Earlier this week a young lady complained she had been ejected from a bus in Bristol for breastfeeding. According to her there was a complaint from another passenger, the driver threatened to call the police, and she was left humiliated by the roadside, in the rain, and forced to take a taxi, at some cost.
We swung into action with an apology, vouchers, flowers and of course there was the inevitable stuff with the press. The story went national and was all over the internet, in mothers’ rights columns as well as the daily newspapers.
Of course – we entirely respect the rights of mothers to breastfeed, apologised profusely but the whole thing was reputationally damaging.
In due course, having sat through hours of CCTV we conclude this report is complete fiction. A young lady resembling the complainant does board the bus at the time and place she says but actually breastfeeds completely without hindrance, and far from being thrown off the bus, alights of her own free will at the terminus. The CCTV entirely corroborates the driver’s version of events.
Of course we remain open to the possibilitity that she has the time and date wrong, although it is something of a co-incidence that a young lady of similar age and appearance was breastfeeding on the very bus her original complaint referred to. Although invited to view the CCTV footage, she prefers not to.
And why am I telling you this? Well firstly because it is fair to say that there was a natural assumption by many that the lady was being truthful and the driver was in the wrong. I sincerely regret that he was put in such a position. And secondly because whilst the media was quick to highlight the story, so far only the Bristol Evening Post has had the courage to run a new page 1 and page 2 story setting out the facts as they are now appear to be.
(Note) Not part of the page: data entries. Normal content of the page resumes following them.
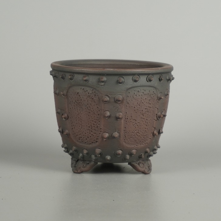- 盆栽鉢 常滑 美芸 小鉢 長辺 約 8.8cm 丸鉢 雲足 窓入 鋲打 泥物 現品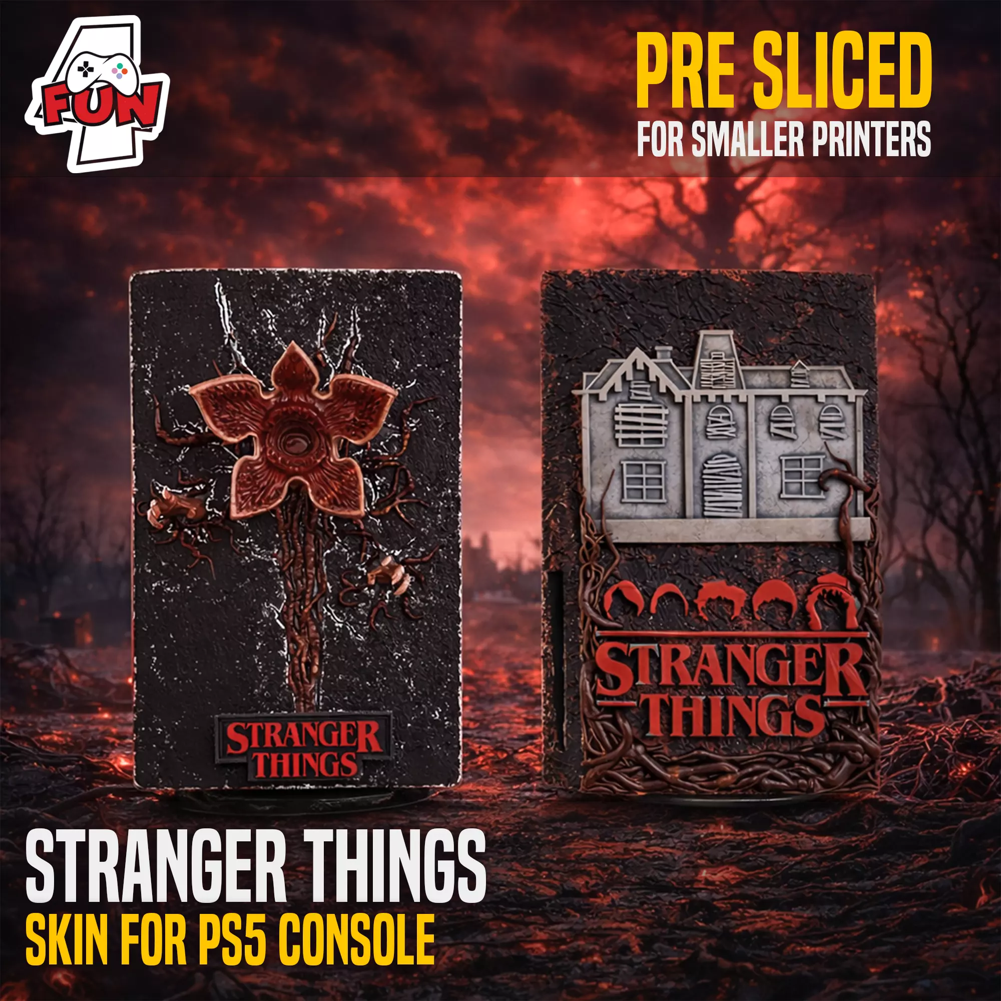 KEY FEATURESStranger Things inspired design (Upside Down look & creature details)Highly detailedPre-sliced for smaller 3D printersOptimized for PLA printingDesigned specifically for PS5 consoleLooks great painted or printed in dark filaments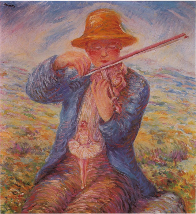 납골당 출구 가까이에 있는 포플러 나무에 투영된 화가의 이미지는 막연하게나마 회화의 계시적인 힘을 가진 마술적 요소와 같다라는 생각을 떠오르게 했다고 한다. 그럼에도 불구하고 화가로서의 출발은 1916년에 들어간 브뤼셀의 미술 학교에서 시작되었다.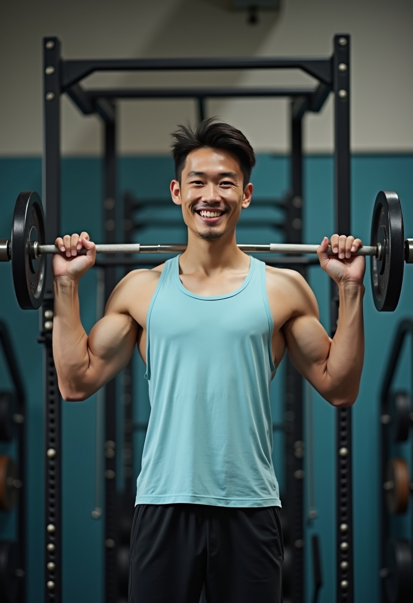 Ашық көк майка мен қара шорты киген ер адам иығында ауыр штанганы ұстап, функционалды жаттығу залында поза көрсетіп тұр. Ол камераға сенімді жымиып қарайды. Артында отырып тұруға арналған тірек пен басқа спорт жабдықтары көрінеді. Жарық жұмсақ, екпін оның физикалық пішініне қойылған.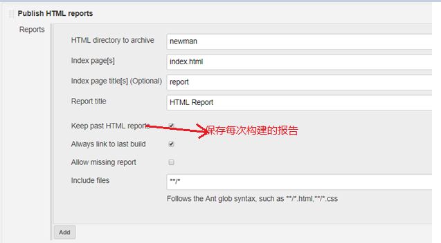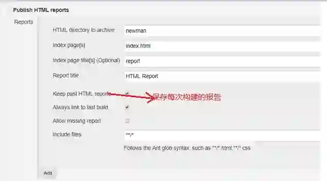 进入Test详细页面->Configure-> Post-build Actions->Add post-build action(Publish Html report)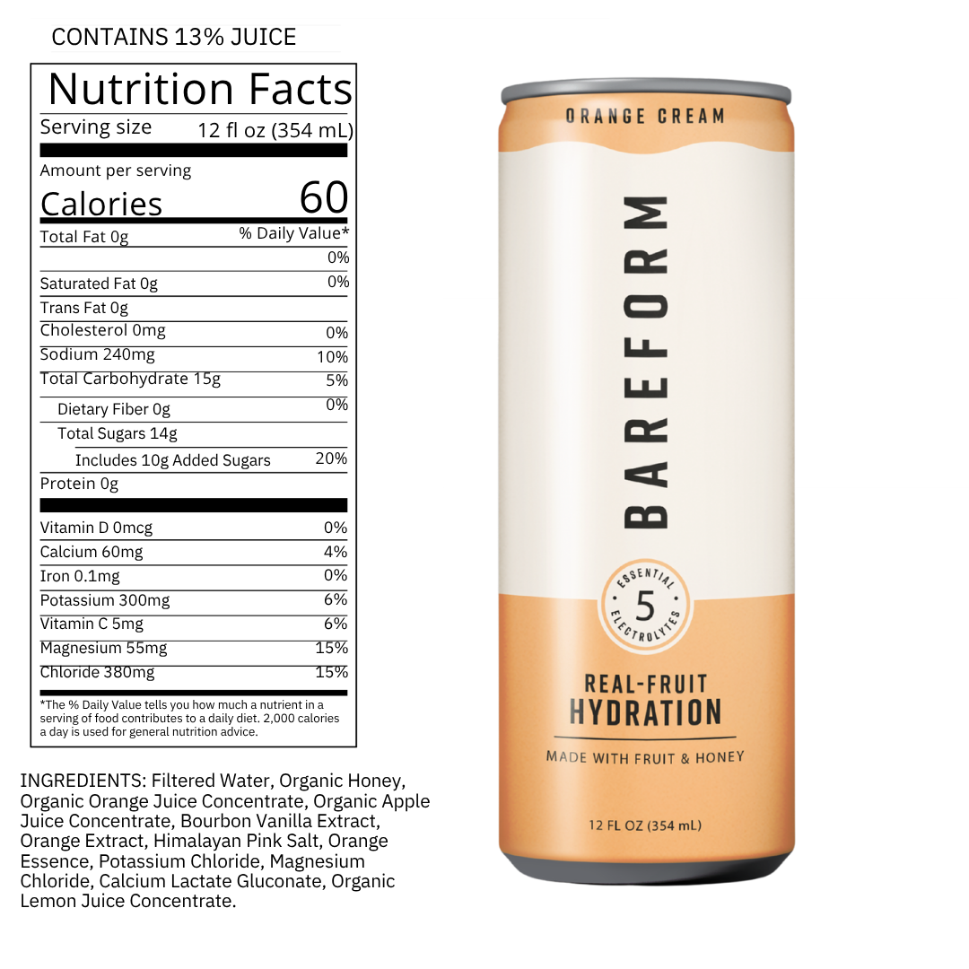 Bareform Orange Cream delivers nostalgia and performance in one refreshing sip. Blending real orange juice, creamy vanilla, and organic honey, this flavor brings smooth, classic taste with clean hydration made only from ingredients you can trust.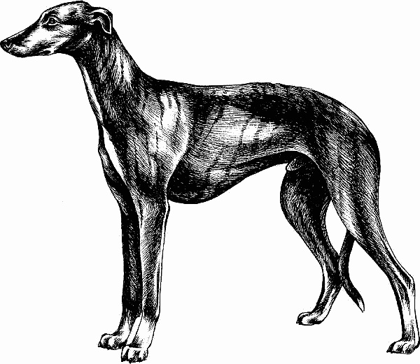 Английская борзая грейгаунд (рис. 4) герой скаковых стадионов. Он относится к наиболее резвым борзым. Грейгаунд обладает удивительной энергией и неутомимостью. Его прямолинейные, длинные скачки позволяют развить огромную скорость. Его называют также английской борзой, так как разведение породы уже на протяжении долгих столетий связано с Англией. Туда он попал еще в раннем средневековье и вскоре стал излюбленной стайной собакой, применявшейся для травли зверей. Предки нынешнего грейгаунда происходят из северной Африки. В древнеегипетских скульптурах мы встречаемся с собаками, которые очень похожи на него. Английские собаководы придали ему лишь более нежный костяк, большую породность, благородство линий и дали название грей (серый).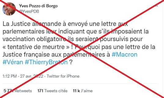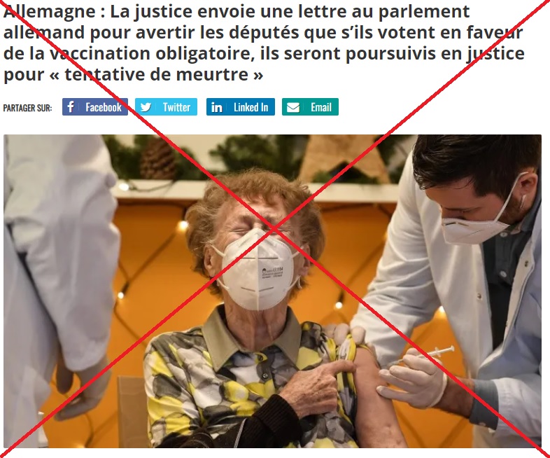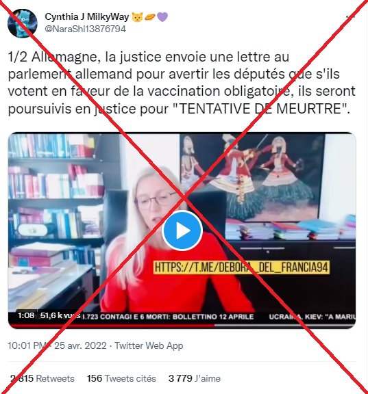 "Allemagne : La justice envoie une lettre au parlement allemand pour avertir les députés que s'ils votent en faveur de la vaccination obligatoire, ils seront poursuivis pour 'tentative de meurtre'", assurent plusieurs articles de blogs (1, 2, 3) partagés plusieurs milliers de fois depuis le 27 avril.

For everyone else in the UK we will be remembered as the miserable, narrow-minded bus company which ejected an innocent mother in winter.
But fortunately the internet spreads very quickly around the world. Even this blog can be read by ordinary people, encouraged and asssted by the power of search engines. So for this reason, and to set the record straight, I have no hesitation in referring to Amy Wootten of Stockwood, Bristol, England who, it appears, was never forced off a bus in the way described in her complaint to the media and to apologise to Rob Stone, our driver, for the brief period this week when in the Court of Public Opinion it was taken for granted that he had acted improperly.
This is a matter which is not yet concluded. Further representations and evidence may yet come to light. However this information is correct to the best of my knowledge at this time (Saturday night) and I publish it now to place it in the public domain whilst the issue remains topical in the minds of the public at large.